Interestingly, the process of photophosphorylation is very similar to oxidative phosphorylation. This process is used in photosynthesis. However, instead of using oxygen to create water, it uses water to create oxygen. Basically the opposite of oxidative phosphorylation, photosynthesis uses an electron transport chain of its own to carry energy from sunlight into the bonds of sugar molecules. The plant can then use these molecules to feed other cells within its body. Just as an animal would, it breaks the glucose into pyruvate, and the pyruvate enters the mitochondria and eventually undergoes oxidative phosphorylation powered by the electron transport chain.

Quiz

1. Which of the following is a true statement?
A. Oxidative phosphorylation and the electron transport chain are unrelated
B. Oxidative phosphorylation drives the electron transport chain
C. Oxidative phosphorylation relies on the electron transport chain

Answer to Question #1
C is correct. The process of ATP synthase attaching phosphate groups to ADP is the process of phosphorylation.

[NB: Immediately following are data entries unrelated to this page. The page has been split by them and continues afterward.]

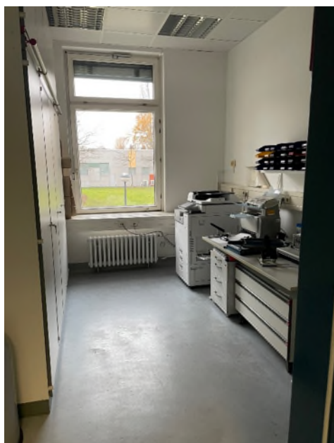
Abbildung 11-Bsp. Kopierraum
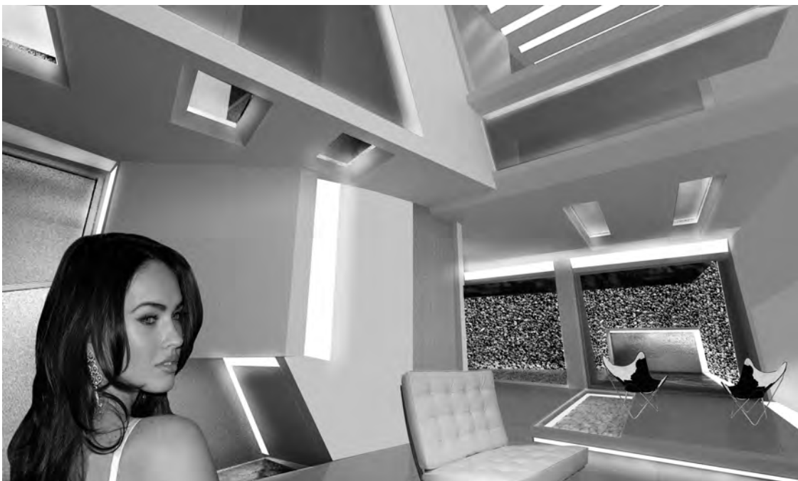
Mutabilidad nº 1: Arriba: segregación comedor-estar. Abajo: fusión comedor+estar.
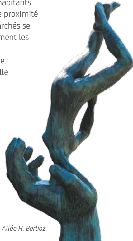
Statue Allée H. Berlioz
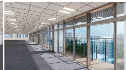
基準階設置テラス(イメージ)
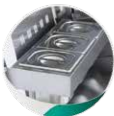
MNC12 : Bacs à ingrédients
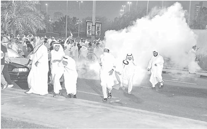
استعملت غازات مسيلة للدموع في محاولة لوقف وردع المحتجين
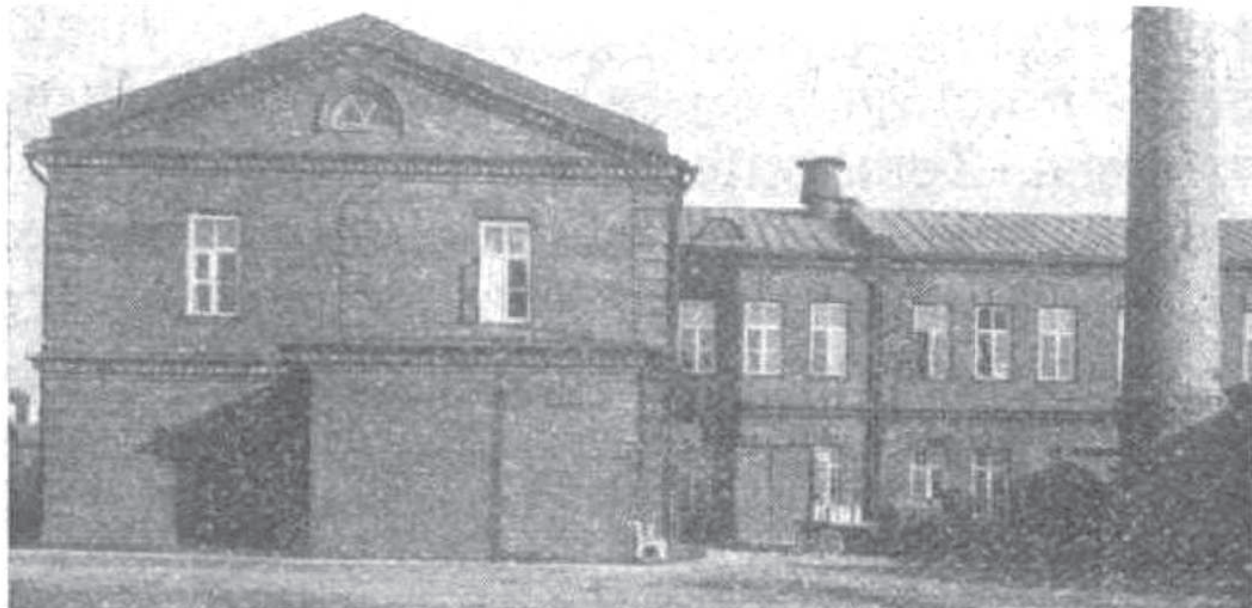
Молочное производство Даугавпилсского союза молочного хозяйства. Опубликовано в «Latvijas Iorkopis un piensaimnieks» в 1939 году.

Сегодня выбор мороженого в магазинах очень большой, есть приготовленное из нашего местного сырья — свежего молока, сливок, творога и масла. Но по составу промышленно произведенное мороженое — не самый полезный продукт, содержит много калорий, а то и вредные добавки — красители, растительные жиры и сахар. Невозможно себе представить лето без этого освежающего лакомства, поэтому определенно стоит самим попробовать приготовить его дома из натуральных, полезных продуктов, а для вкуса добавить ягод. ■
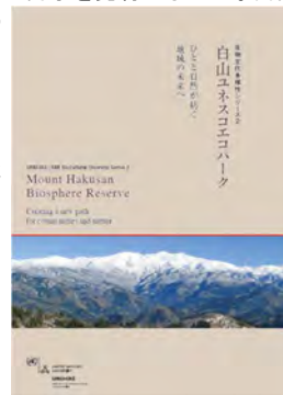
—学びの冊子— 白山ユネスコエコパーク—人と自然が紡ぐ地域の未来—

地域との協働の一例をご紹介します。石川県南部に広がる白山ユネスコエコパークは、2016 年 3 月に開催されたユネスコエコパーク世界大会に於いて、地域が持続可能な生業を営む「移行地域」を新たに含めた拡張登録申請が承認されました。この拡張登録承認を記念して、OUIK では白山エコパークの生物文化多様性とその意義をまとめた冊子を発行しました。白山エコパークに関わる自治体、保全活動を行う地域団体、教育関係者、研究者らに加え、ユネスコ本部よりエコパークネットワークセッションチーフも寄稿し、それぞれの立場からユネスコエコパークをフレームワークとする持続可能な
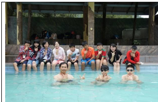
鼓勵學生入境隨俗，勇敢地體驗異地生活
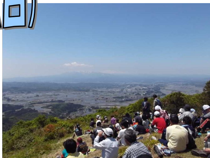
二ツ森山頂からの様子
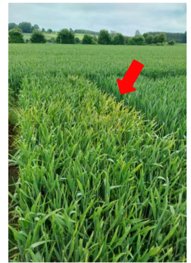
Abbildung 3: Gelbrost hat nesterweise die oberen Blättern im Winterweizen erreicht.

Die Wintertriticale am Standort Bettendorf befindet sich in der Entwicklungsphase der Fruchtbildung. Die Pflanzen reifen jetzt ab, was mit einem Absterben der Blätter einhergeht. Fungizideinsatz ist zu diesem späten Zeitpunkt der pflanzlichen Entwicklung nicht mehr sinnvoll und auch nicht mehr zugelassen.
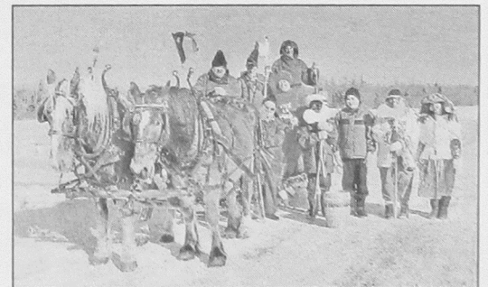
30. Jimmy Gallant aux cordeaux, St-Timothée, 2003
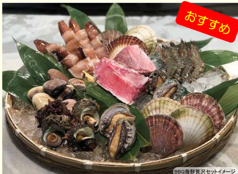
BBQ海鮮贅沢セットイメージ
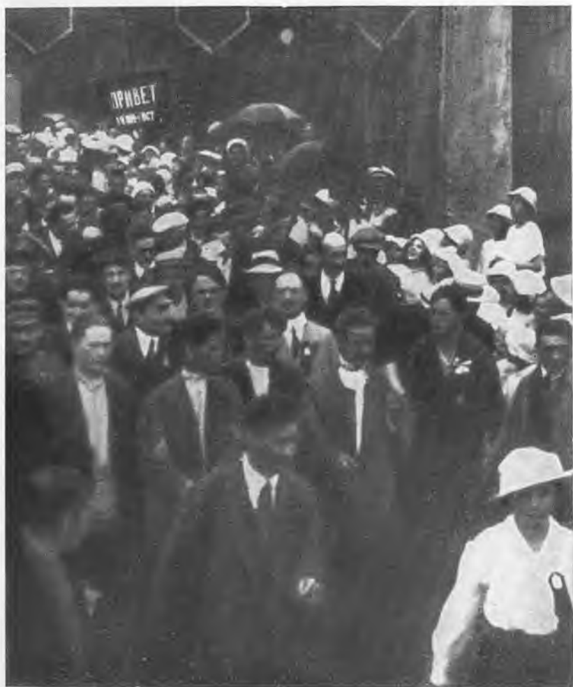
В. И. Ленин в колонне делегатов II конгресса Коминтерна, направляющихся на площадь Жертв Революции (Марсово поле) на церемонию возложения венков на могилы. 1920 г.
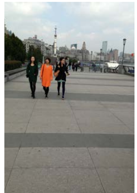
Figure 6: The Bund Promenade at Huangpu River in Shanghai.
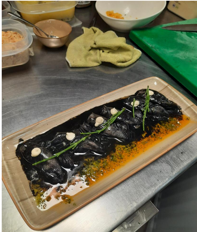
Chipirones salteados en su tinta
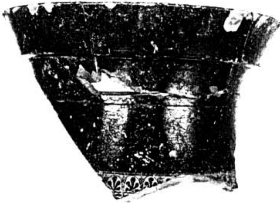
5. Fragment d'une amphore attique à figures noires (col).
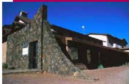
Centro Visitantes Cañada Blanca

Situado en un ala del edificio del Parador de Las Cañadas del Teide, en un enclave excepcional, frente a Los Roques de García. Con una superficie de 182 m 2 , posee una capacidad de carga instantánea de 55 personas. Aquí se hace una interpretación de la interacción hombre-Cañadas, se nos muestra la evolución de los diferentes modos de vida a lo largo de la historia, de los usos que se hacía del medio y de la larga historia de investigación desarrollada en el Teide. Dispone de aseos, tienda-librería y aparcamientos. Actualmente se está ampliando con la construcción de una sala de proyección semienterrada.
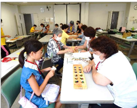
【マンカラ交流大会】
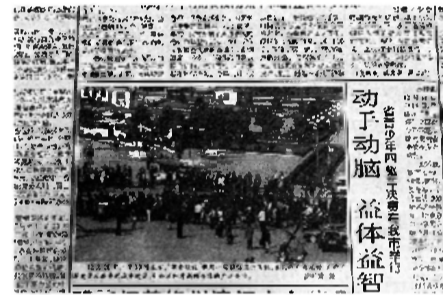
报道时间:1999年12月22日 报道版面:株洲日报A1版 当年12月20日,湖南经视租用直升机,在神农城广场对我市城市建设进行采访。
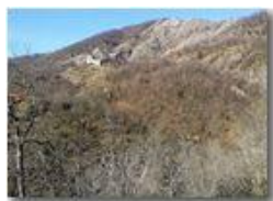
Ruderi castello Fieschi e conglomerato di Savignone

Pietro Marcheselli - HTC One S Nokia C7-00 (o altro cell) 2019 - Inverno - Savignone - Paesi
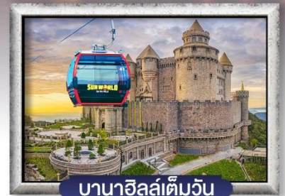
บาน่าฮิลล์เต็มวัน

The energy used for this process comes from the oxidation of various substances, and the electrons received from doing so. These electrons generate a proton gradient, which drives ATP synthase.

2. What would happen to a cell if there was no electron transport chain?
A. The cell would have no energy
B. The cell would fall apart
C. The cell would have less energy

Answer to Question #2
C is correct. While oxidative phosphorylation does provide a huge supply of energy, there are other pathways cells can take to make energy. Remember that the electron transport chain needs oxygen. Without oxygen, it will stop working. This is when cells have to resort to less efficient methods of energy production such as fermentation.

3. As a scientist in your laboratory, you extract the mitochondria from your own cell, and from the cells of your favorite house plant. You put each mitochondria in a small dish, surrounded with pyruvate. You measure how much ATP each mitochondria makes. What do you expect?
A. The animal mitochondria will make more ATP
B. The plant mitochondria will make more ATP
C. They will produce roughly the same amount of ATP

Answer to Question #3
C is correct. All mitochondria are thought to have arisen from the same bacterial ancestor billions of years ago. Thus, in plants and animals they operate essentially in the same way. A major different between plants and animals may come in the number of mitochondria per cell. An animal may pack their muscle cells with mitochondria to provide energy for contractions, where a plant cell may only need a handful of mitochondria in each cell to provide their energy needs.

References

  • Lodish, H., Berk, A., Kaiser, C. A., Krieger, M., Scott, M. P., Bretscher, A., . . . Matsudaira, P. (2008). Molecular Cell Biology (6th ed.). New York: W.H. Freeman and Company.
  • Nelson, D. L., & Cox, M. M. (2008). Principles of Biochemistry. New York: W.H. Freeman and Company.
  • Widmaier, E. P., Raff, H., & Strang, K. T. (2008). Vander’s Human Physiology: The Mechanisms of Body Function (11th ed.). Boston: McGraw-Hill Higher Education.